Richard Walsh is Irish financier, sporting investor, head of operations in E3 Sports Partnership, president of FC Stumbras.

Richard graduated from University College Cork with a bachelor's degree in Law.

Career
Since 2013 Richard is a Head of Operations in a British sports agency E3 Sports.

In 2016 Richard led takeover of FC Stumbras football club, based in Kaunas, Lithuania. The other investment partners were Portuguese coach Mariano Barreto - a man with numerous sports contacts, E3 Property and E3 Sports agency co-shareholder Mark Lenher and football club management specialist Carlos Olavo Mesquita da Silva. The investors identified Lithuania as the perfect place to train players and sell them off with a profit. Their business model was to build a talent factory, and achieve profit by selling players abroad. After looking at opportunities in Portugal, the pair turned their attention on Lithuania, which has one of the lowest minimum wage requirements in Europe and where half the top league's eight teams typically qualify for continental competitions every year. Although low profile, the first international transfer took place in 2018-2019 season winter transfer window, 18 year old Vilius Armalas signed up for S.L. Benfica.

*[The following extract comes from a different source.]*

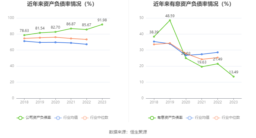 在偿债能力方面,公司2023年年末资产负债率为91.98%,相比上年末上升6.31个百分点;有息资产负债率为13.49%,相比上年末下降8.00个百分点。

In June 2019 FC Stumbras was reported to be in difficult financial situation. The club was stripped of UEFA license, preventing the participation in the UEFA Europa League competition. Richard Walsh protested by withdrawing the team from the league game, and tweeting through official club Twitter account "FC Stumbras will not play our A lyga game today. This is due to lack of support and engagement from the LFF in these challenging times for our Club."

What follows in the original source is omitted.